= Pantone Merkel =

Compilation of photos of Angela Merkel

The most widely distributed version of "Pantone" Merkel has 100 images of chancellor Angela Merkel arranged into a color chart.

The "Pantone Merkel", also known as the "many shades of Merkel" or "Merkel Rainbow", is a compilation of photos of Angela Merkel, former chancellor of Germany, collected by Dutch graphic designer Noortje van Eekelen. It consists of an overview of Merkel's jackets arranged into a chart by colour in a manner similar to the Pantone color chart. The "Pantone Merkel" also includes captions describing the locations and dates the photos were taken.

The series is composed of 100 different news photos of public moments and has become one of the most widely recognized symbols of Merkel, including many variations and imitations. The project went viral and gained considerable media attention via social media and was published by many international websites, magazines and newspapers, including The Guardian, The New York Times, and The Telegraph.

== Background ==
The Pantone Merkel was created as part of the project "The Spectacle of the Tragedy," a website with collected and repurposed images identifying the politicians who navigate the Eurozone crisis. The project was made as part of van Eekelen's Master of Design at the Sandberg Instituut Amsterdam, and is generally described as a satire of the crisis. The project approaches the Eurozone crisis through a wide variety of disciplines, such as fashion, art, design, journalism, politics, and economics.
The purpose of The Spectacle of the Tragedy is to generate a platform to reflect on the euro crisis, by "[telling] a visual story about the politicians that navigate the Euro crisis" and giving readers "an insight into their irresponsible behavior". The project can be interpreted as an entertaining diversion and commentary on how our European leaders are trying to secure financial security in the eurozone.

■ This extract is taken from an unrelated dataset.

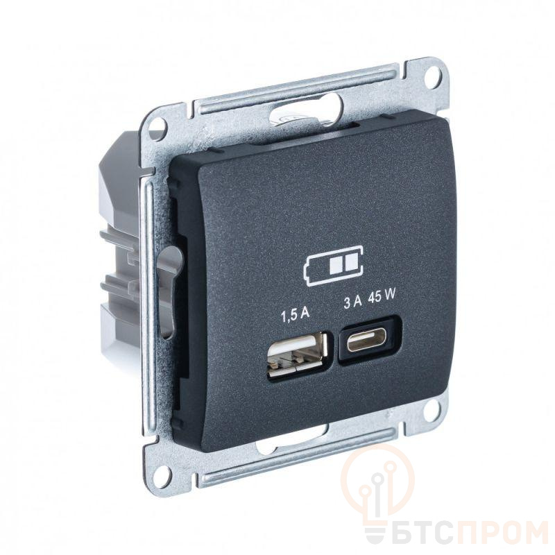 Розетка Systeme Electric (ранее Schneider Electric) серии Glossa (цвет антрацит) двойная USB с разъемами типа A+C высокоскоростная. - Самая современная USB-зарядка с двумя разъемами позволяет заряжать как стандартные мобильные устройства через разъем типа А, так и новейшие устройства с разъемом типа С. - Позволяет заряжать смартфоны последнего поколения, которые поддерживают функцию быстрой зарядки. - Мощность: тип-A – 7.5 Вт, тип-С - 45Вт. - Поддерживает современные протоколы быстрой зарядки QC, PD, последних версий. - Лицевые детали из качественного ABS-пластика, устойчивого к царапинам и УФ-излучению.

In contrast to many female celebrities and public figures, Merkel is known for purchasing and repeatedly wearing her own formal clothes. In 2014 the newspaper Bild praised Merkel for attending a formal event in a tunic she had owned since at least 1996.

== Imitation ==
In (online) discussions, the "Pantone Merkel" is often compared to the "Diamond Jubilee Colour Guide" by Pantone and Leo Burnett London. The Pantone Merkel has been imitated several times by various parties, including Reuters and the German Bild; it has also been shown in different exhibitions and lectures. The artistic approach of the Pantone Merkel was followed by the Dutch image editor Frank Schallmaier, who reached a large audience in December 2013 with a series of photos called "De hand van Hollande".